Alerting profiles define WHAT problems trigger alerts and with what delay.

tasks/alerting_profiles.yml

---
- name: Get existing alerting profiles
  uri:
    url: "{{ dynatrace_config_api }}/alertingProfiles"
    method: GET
    headers:
      Authorization: "Api-Token {{ dynatrace_api_token }}"
  register: existing_profiles

- name: Build existing profiles lookup
  set_fact:
    existing_profiles_map: "{{ existing_profiles.json.values | items2dict(key_name='name', value_name='id') }}"

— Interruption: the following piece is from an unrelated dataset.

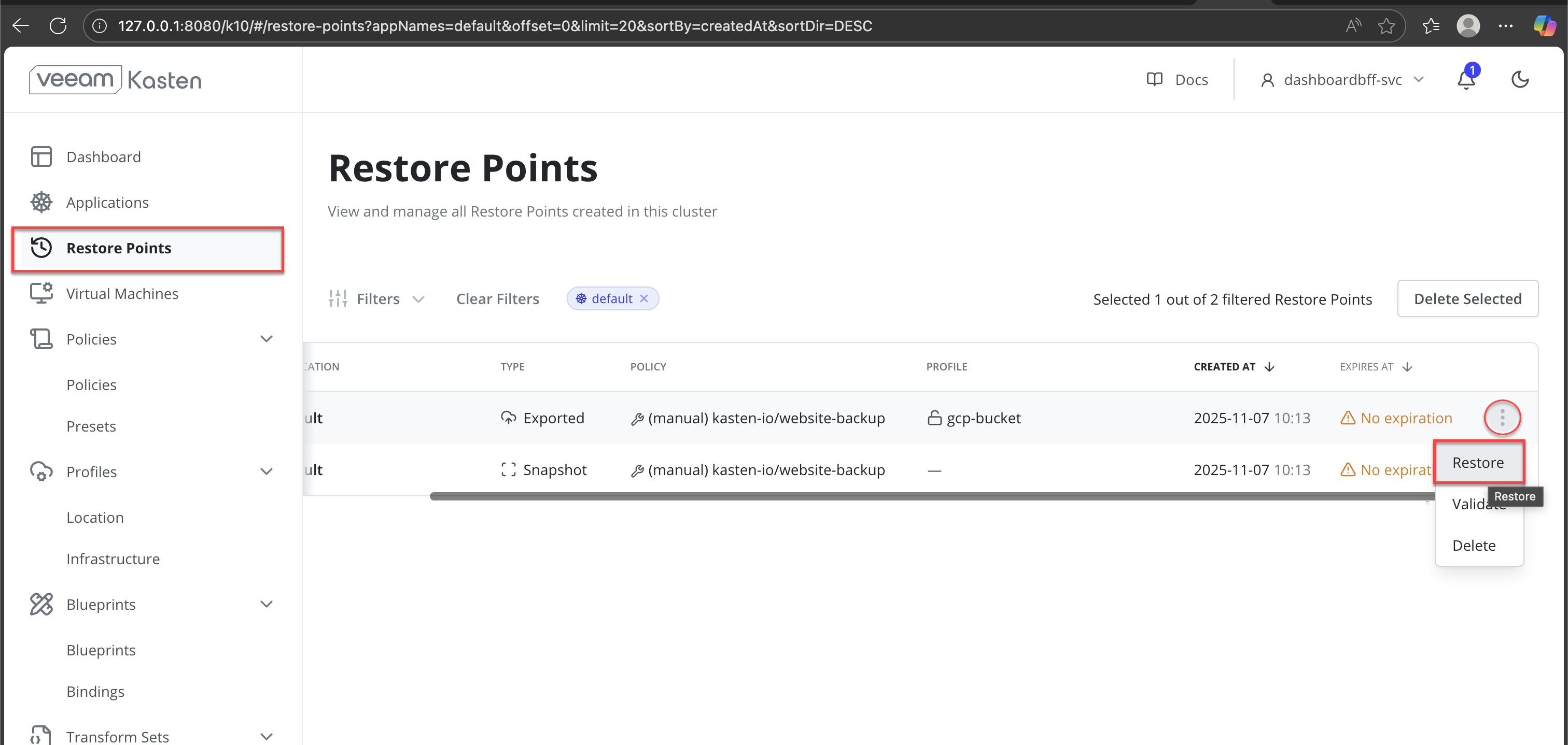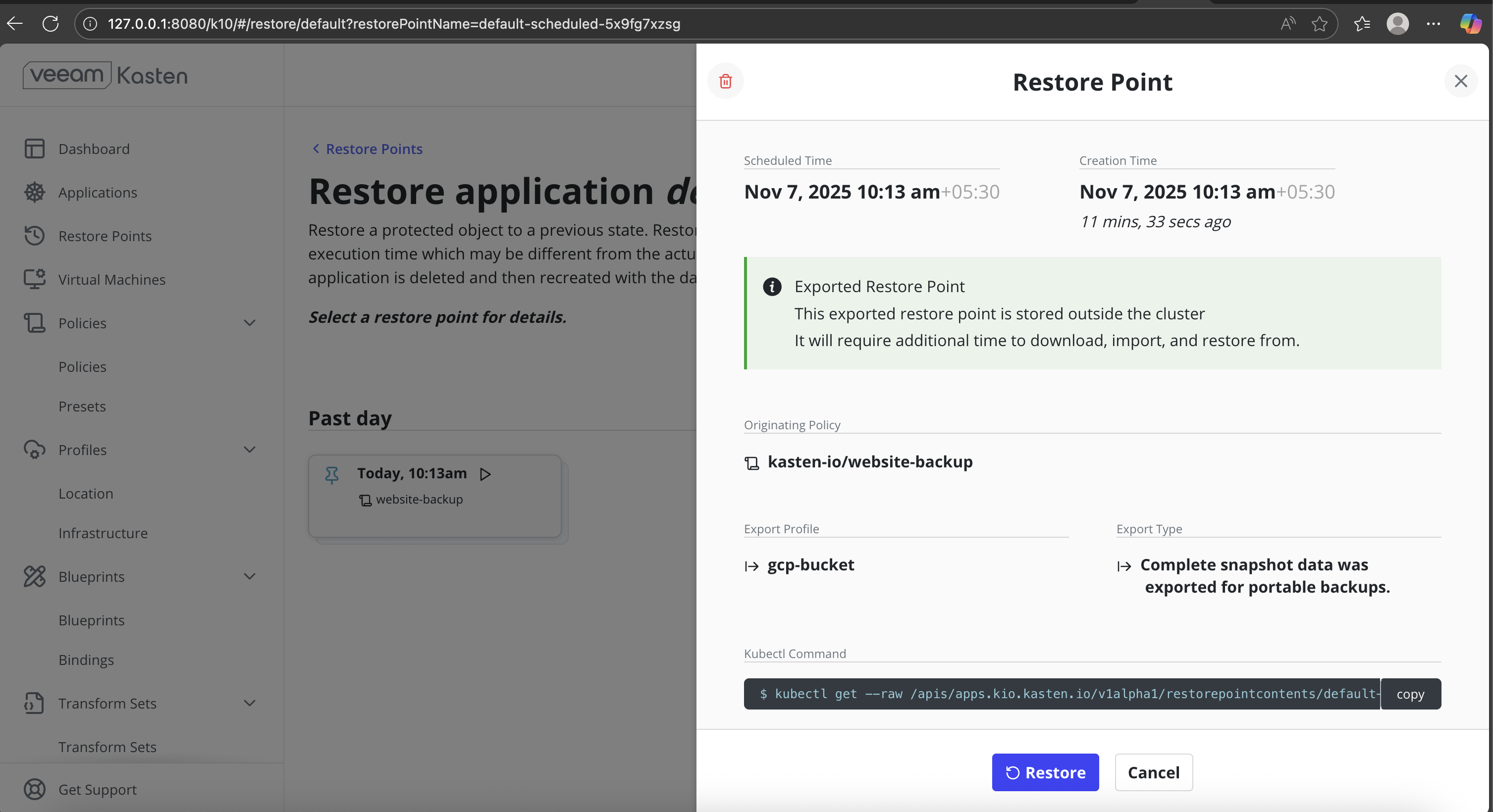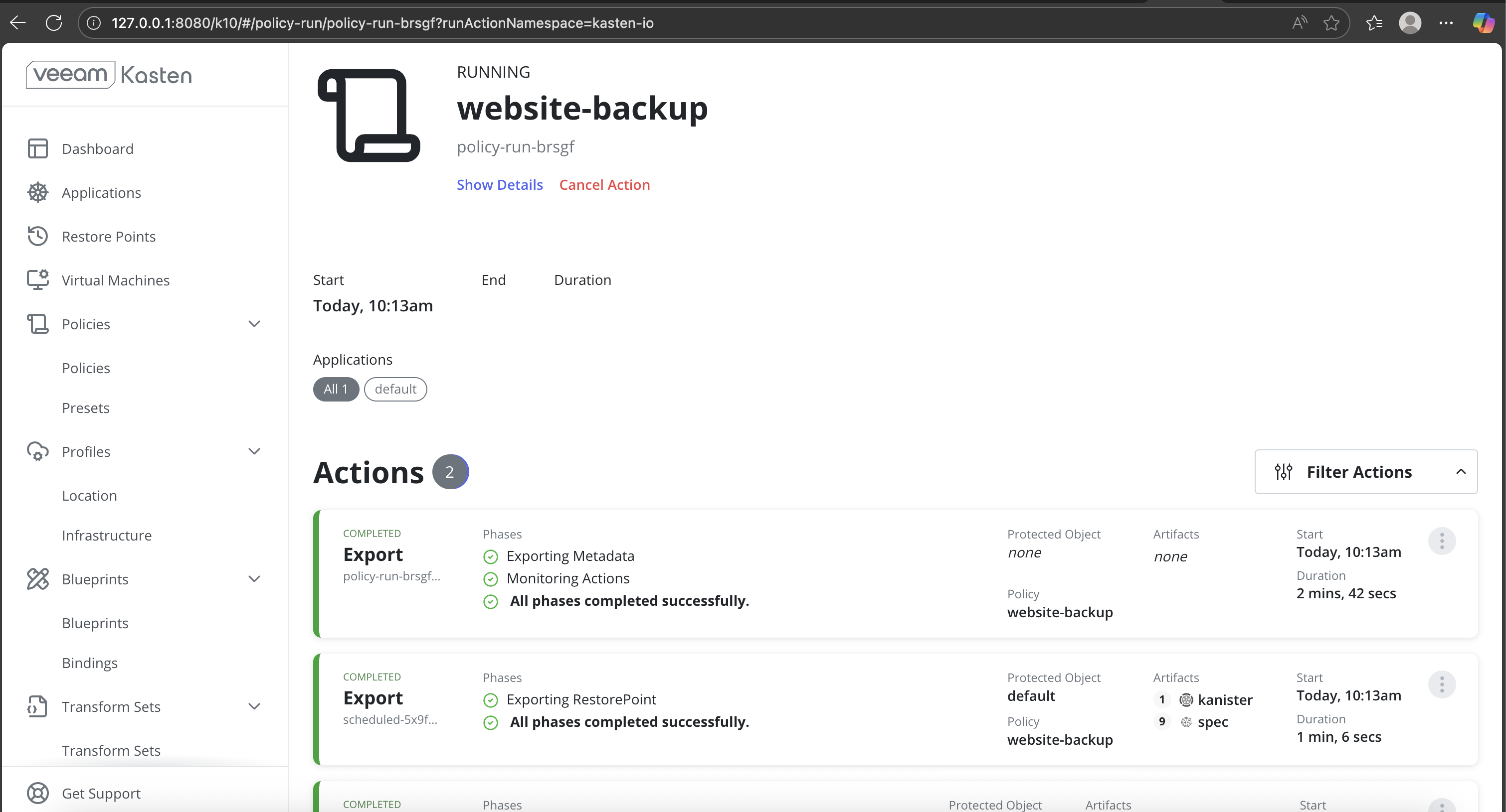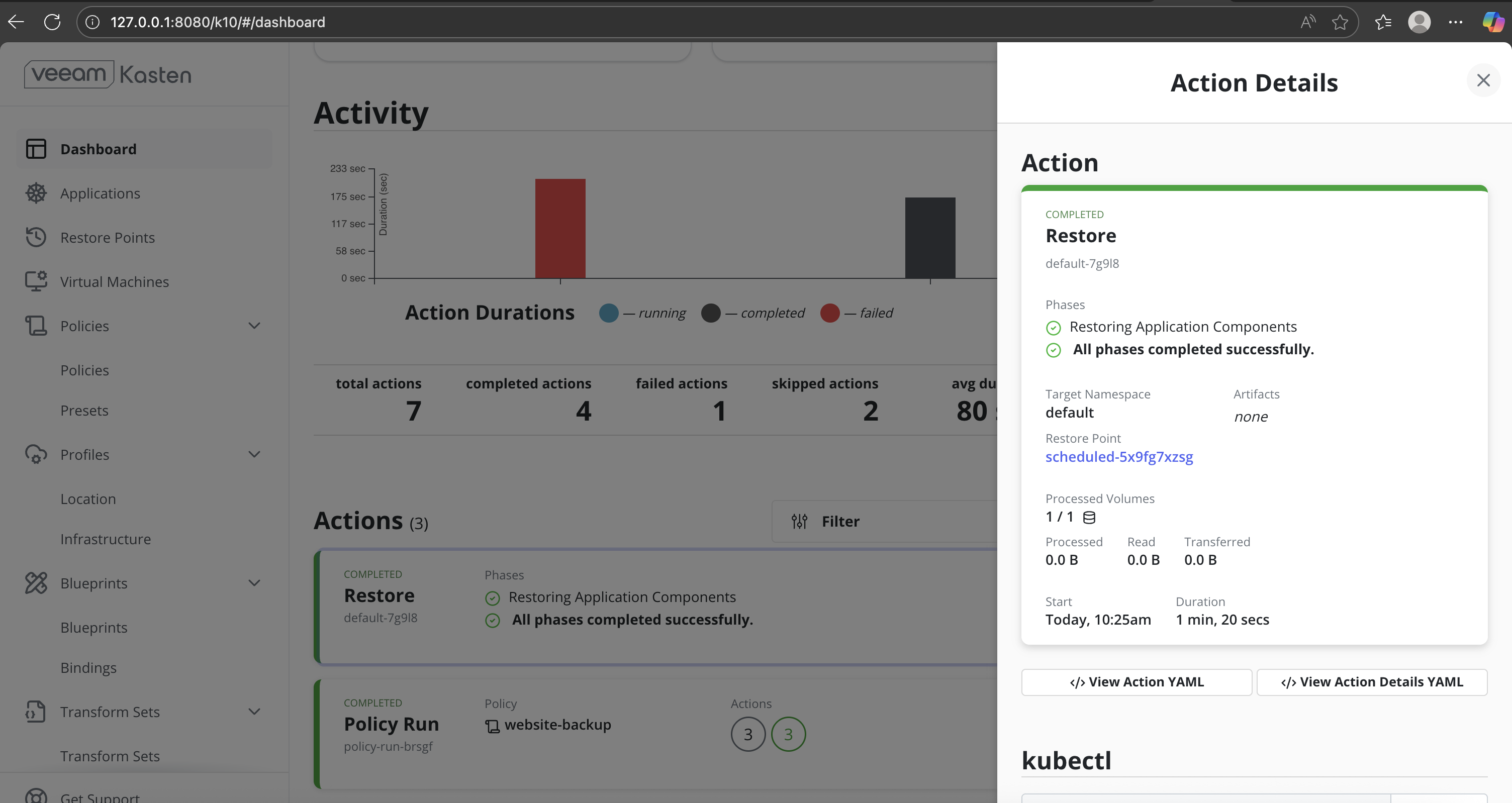 - Operational Visibility Through Veeam Kasten UI: Backup execution, restore progress, and completion status are clearly tracked using the Veeam Kasten dashboard.

- name: Create or update alerting profiles
  uri:
    url: "{{ dynatrace_config_api }}/alertingProfiles/{{ existing_profiles_map[item.name] | default('') }}"
    method: "{{ 'PUT' if item.name in existing_profiles_map else 'POST' }}"
    headers:
      Authorization: "Api-Token {{ dynatrace_api_token }}"
      Content-Type: "application/json"
    body: "{{ lookup('template', 'alerting_profile.json.j2') }}"
    body_format: json
    status_code: [200, 201, 204]
  loop: "{{ dynatrace_alerting_profiles }}"
  loop_control:
    label: "{{ item.name }}"
  register: profile_results

- name: Delete removed alerting profiles
  uri:
    url: "{{ dynatrace_config_api }}/alertingProfiles/{{ item.value }}"
    method: DELETE
    headers:
      Authorization: "Api-Token {{ dynatrace_api_token }}"
    status_code: [204, 404]
  loop: "{{ existing_profiles_map | dict2items }}"
  loop_control:
    label: "{{ item.key }}"
  when:
    - dynatrace_alerting_profiles_delete_unmanaged | default(false)
    - item.key not in (dynatrace_alerting_profiles | map(attribute='name') | list)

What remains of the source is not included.